> _What you should do_
Within the records that follow, restate exactly the lines from the line with "Mexen Milo granitinis" down to the line with "而舊耐震標準物件及交通便利性", including both. Omit the pictures.

> _Recorded information_
*****

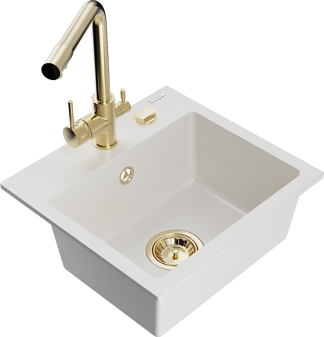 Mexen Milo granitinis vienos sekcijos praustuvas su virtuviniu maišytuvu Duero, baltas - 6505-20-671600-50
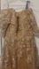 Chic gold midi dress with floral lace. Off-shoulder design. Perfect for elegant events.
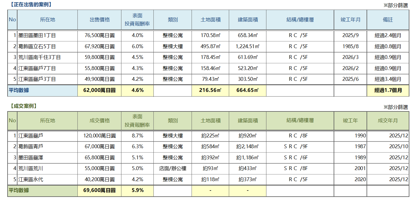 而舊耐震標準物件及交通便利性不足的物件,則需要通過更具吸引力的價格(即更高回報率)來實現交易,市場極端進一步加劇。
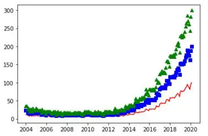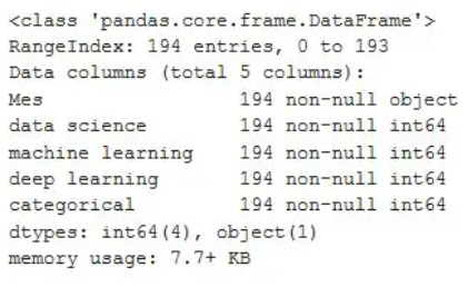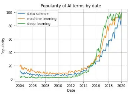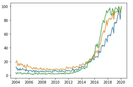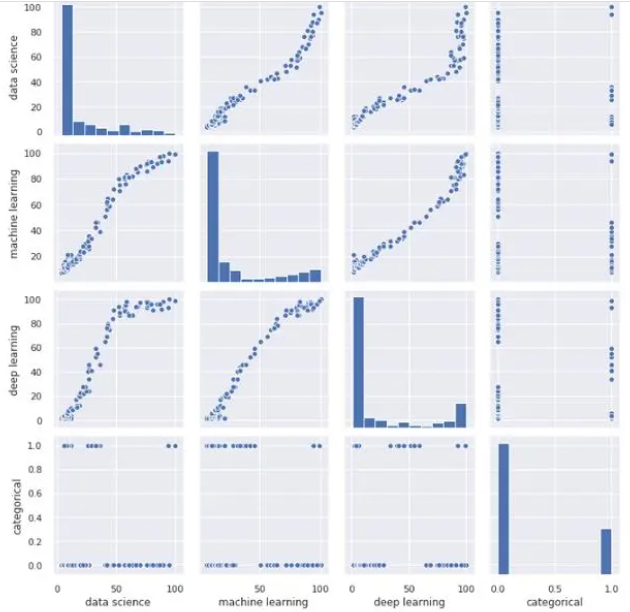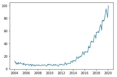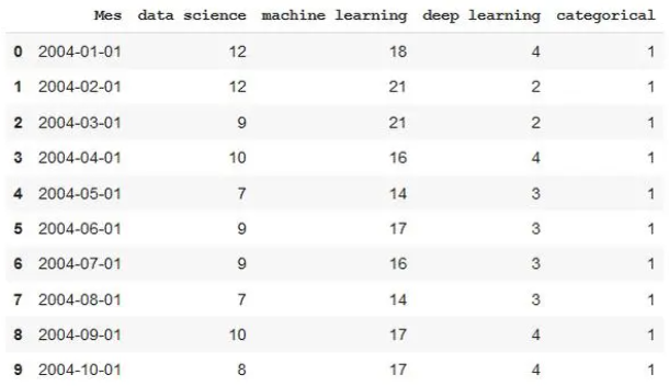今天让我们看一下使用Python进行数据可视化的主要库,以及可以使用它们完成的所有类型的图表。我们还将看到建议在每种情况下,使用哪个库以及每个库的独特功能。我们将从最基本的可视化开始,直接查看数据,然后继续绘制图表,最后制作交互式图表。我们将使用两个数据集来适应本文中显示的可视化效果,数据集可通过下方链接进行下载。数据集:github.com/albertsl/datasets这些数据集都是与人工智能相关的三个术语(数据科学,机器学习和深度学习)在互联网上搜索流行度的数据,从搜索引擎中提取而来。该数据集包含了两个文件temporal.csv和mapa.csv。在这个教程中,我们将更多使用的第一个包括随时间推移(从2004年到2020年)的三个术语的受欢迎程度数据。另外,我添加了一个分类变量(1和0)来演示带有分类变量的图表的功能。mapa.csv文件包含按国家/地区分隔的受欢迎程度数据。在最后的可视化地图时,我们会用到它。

*****

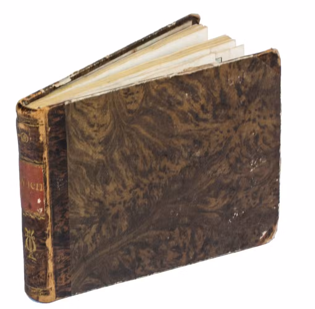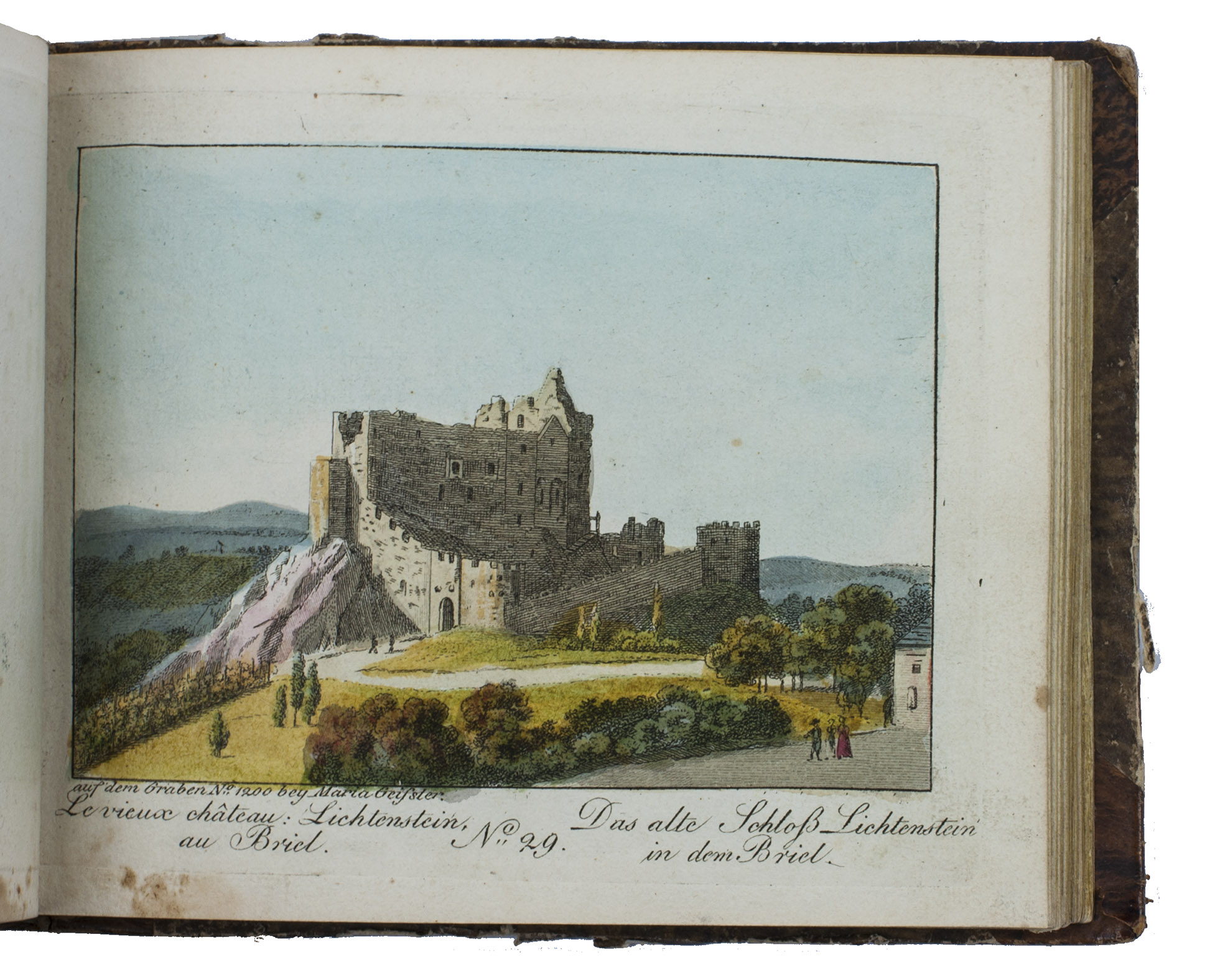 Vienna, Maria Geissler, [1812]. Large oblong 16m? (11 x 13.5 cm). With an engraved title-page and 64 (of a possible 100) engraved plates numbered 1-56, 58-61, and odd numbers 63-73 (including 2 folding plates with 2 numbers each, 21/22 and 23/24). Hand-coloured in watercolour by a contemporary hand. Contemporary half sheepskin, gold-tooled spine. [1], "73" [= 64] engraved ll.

*****

> _Exercise result_
 Mexen Milo granitinis vienos sekcijos praustuvas su virtuviniu maišytuvu Duero, baltas - 6505-20-671600-50
 Chic gold midi dress with floral lace. Off-shoulder design. Perfect for elegant events.
 而舊耐震標準物件及交通便利性不足的物件,則需要通過更具吸引力的價格(即更高回報率)來實現交易,市場極端進一步加劇。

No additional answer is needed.